Health Care Reform & Leadership

July 4, 2006: Independence DayTwitter has been a waste for the past 18 hours or so. Republicans are crying and Democrats are gloating, but to me both sides come out looking bad because politics and government shouldn’t be about one side winning and the other side losing.

It seems to me that politics in the US has become just another sport. It’s us vs. them. One side tries to “push through” its bills and pet projects, just like an NFL team tries to push through at the goal line and score a TD. The other side tries delay tactics, like an NFL team calling time out right before a game-deciding kick or a baseball manager going out to the mound to slow down an opponent’s rally. Both sides use the media to advance their own agendas and spin things for their own good. And the public laps it all up on their cable TV channel of choice, like rabid animals desperate for confirmation that they’re rooting for the Good Guys and the other team is Pure, Unadulterated Evil.

Meanwhile, there’s not a whole lot of leadership and governing going on, is there?

If it were up to me, we’d toss out the president and every member of both houses of Congress. Tomorrow. And we’d start from scratch with people who want to lead a country, not people who want to win an election. We’d limit the amount of time they’re allowed to spend on TV, radio, and talking to the press. We’d limit how much time they can spend trying to get re-elected. We’d require them to vote against their own party at least 25% of the time. We’d force them to focus on being leaders, and do whatever it takes to get them to stop being politicians.

I don’t know if the Health Care Reform bill is Good or Bad, but like everything else that comes from government, I suspect it’s got some of both. I was just reading this article, and I like this part here about the changes that are coming in 2014:

  • Insurers will be required to take all applicants. They won’t be able to turn down people in poor health, or charge them more.
  • States will set up new insurance supermarkets for small businesses and people buying their own coverage, pooling together to get the kind of purchasing clout government workers have now.
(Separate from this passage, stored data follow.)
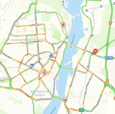 Восьмибалльные пробки вновь затрудняют дорожное движение в Воронеже вечером сегодняшнего понедельника, 16 октября. Информацию о ситуации на дорогах предоставляет сервис «Яндекс. Карты».
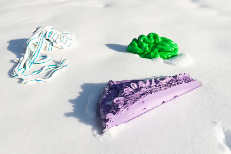 Irregular lumps of factory overproduction plastics, translated into unique and striking circular accessories for in- and outdoor.
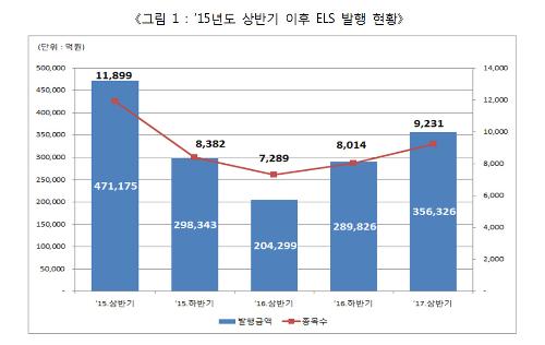 [뉴스토마토 신항섭기자] 올해 상반기 주가연계증권(ELS) 발행금액이 전년 같은 기간 보다 74.4% 증가한 35조원으로 나타났다.
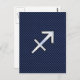 Un signo zodiacal de Sagitario plateado y cromado sobre un fondo de impresión de textura de fibra de carbono azul marino estilo automotriz. Un diseño urbano moderno y emocionante para una excelente idea de regalo de cumpleaños personalizado.
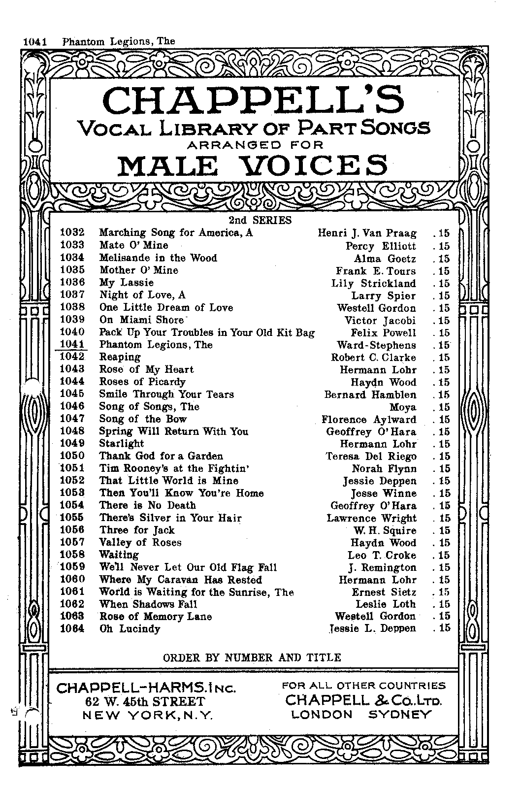 | Genre Categories | Songs; For male chorus, piano; Scores featuring male chorus; |
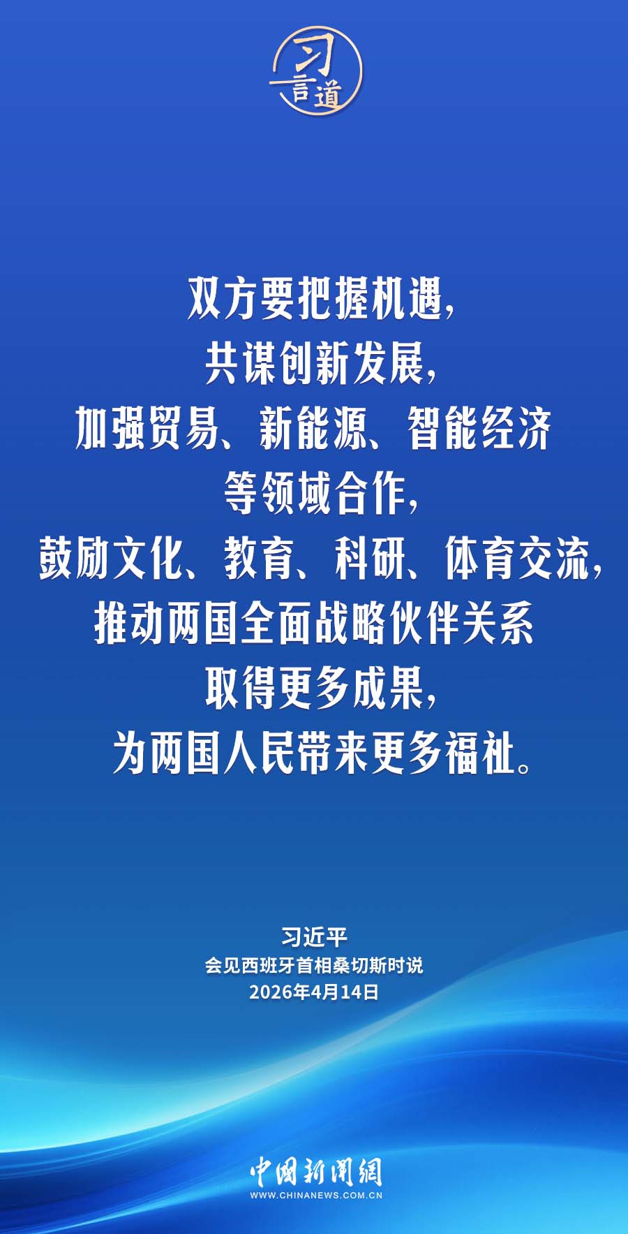 今日邦家主席习远仄正在北京黎民年夜礼堂会晤去华停止正式拜候的西班牙尾相桑切斯。习远仄指出——
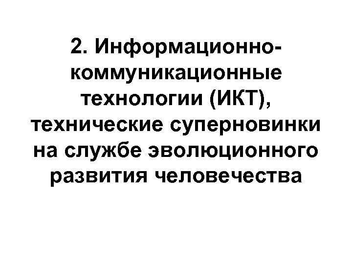 2. Информационнокоммуникационные технологии (ИКТ), технические суперновинки на службе эволюционного развития человечества
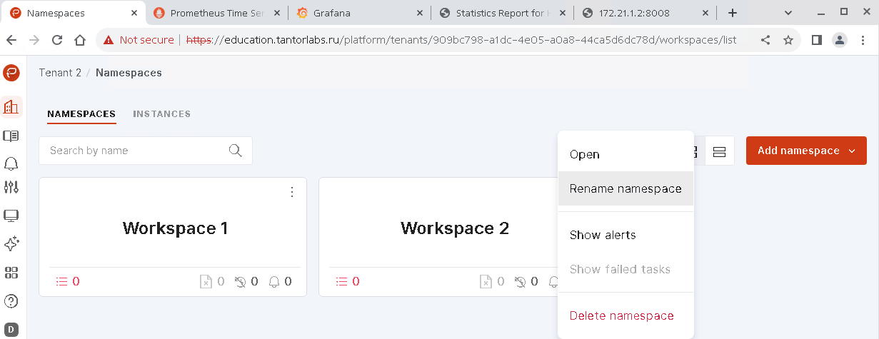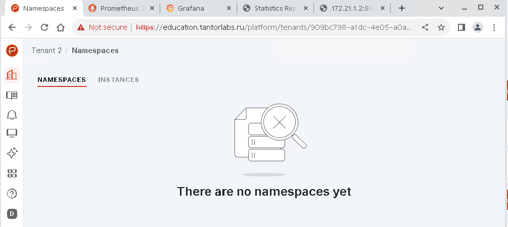 8) Кликните на Tenant 1. Откроется страница с пространствами. Пространств нет. Кликните на кнопку Add namespace и выберите в появившемся меню тип пространства: Platform type.

In the two years that I’ve been buying health insurance on my own for the McGee family, our premium has gone up 24.4%. That’s ridiculous. I love the idea of being able to pool together with other individuals to get better rates.
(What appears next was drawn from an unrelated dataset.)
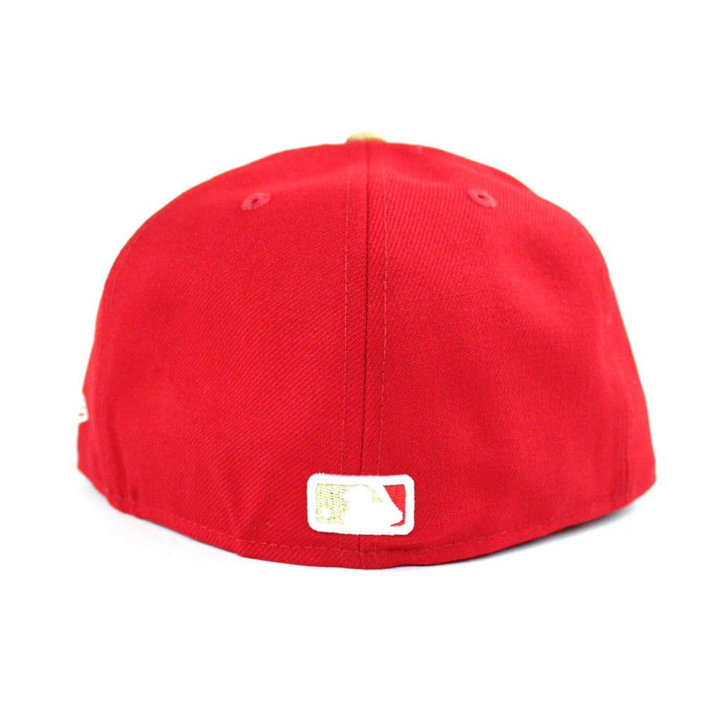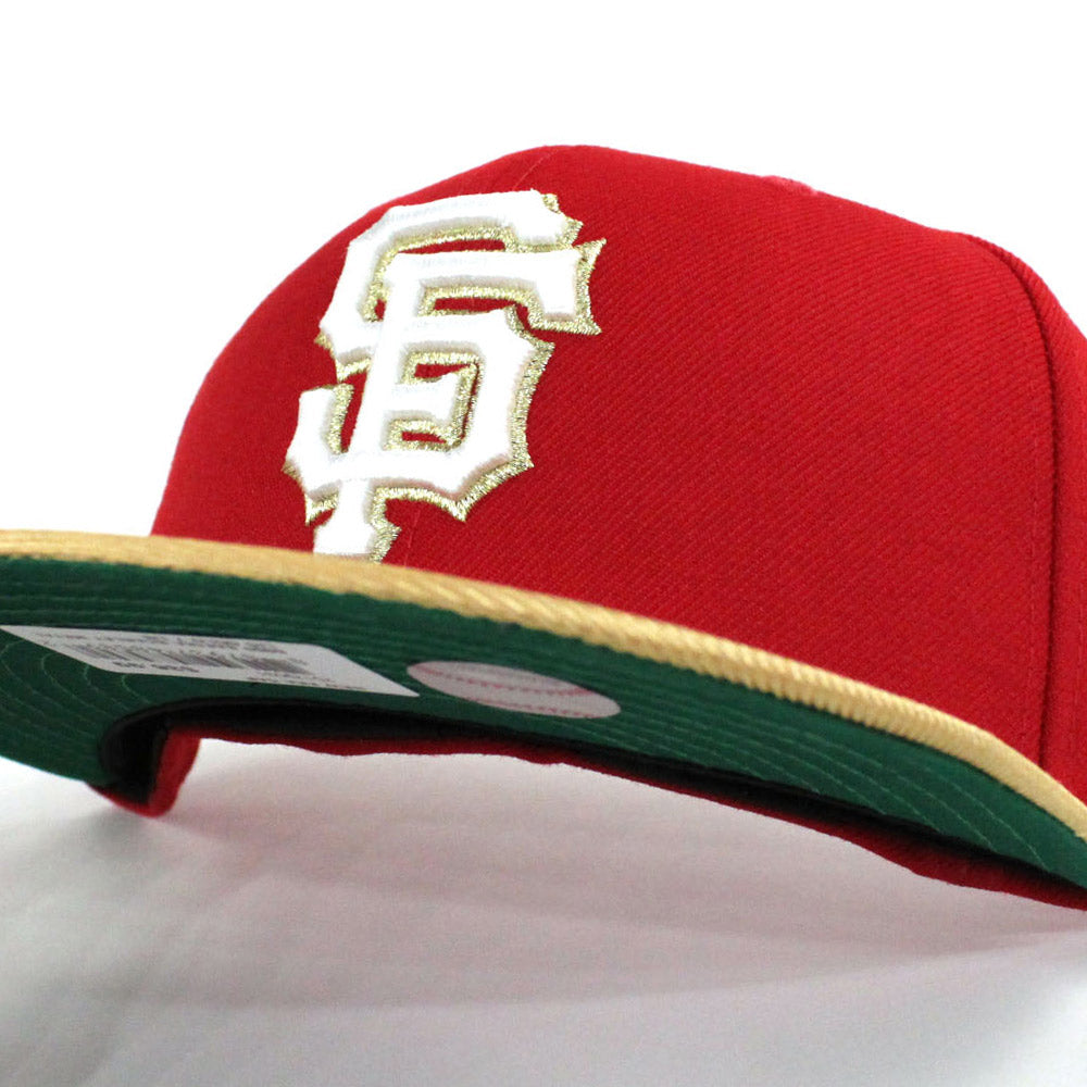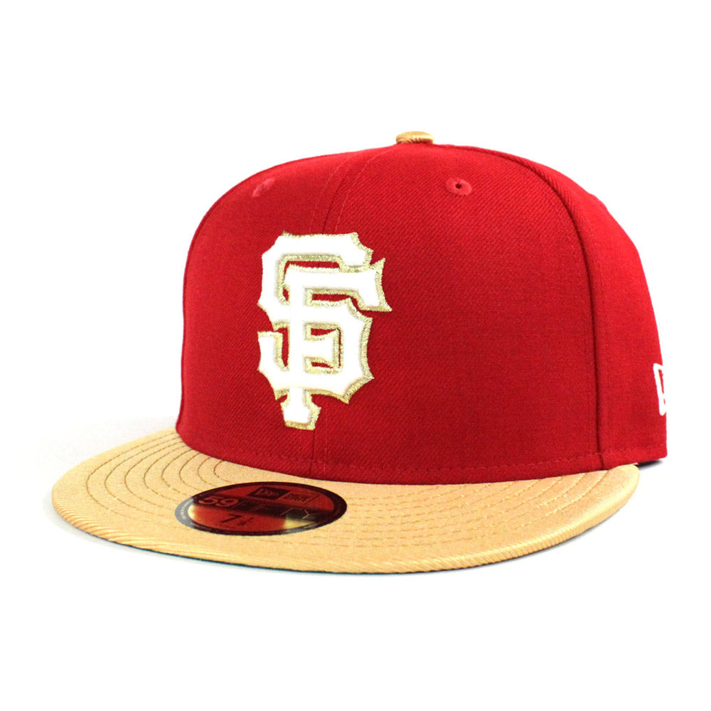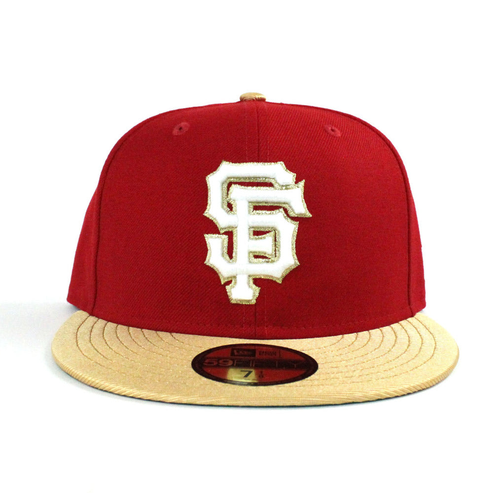 Iconic San Francisco Giants New Era fitted hat done up in Red and M.Gold with a Gray under brim. SF 49ers color way.

On the other hand, back to the real topic of this post: leadership. I understand that this bill doesn’t cover the president or members of Congress, all of whom will continue to enjoy an apparently much better health plan than the one they just voted for the rest of us to get. What does that say about how great the bill is? More than that, what does it say about how broken our system of government is that the people deciding things like this aren’t affected by their decisions?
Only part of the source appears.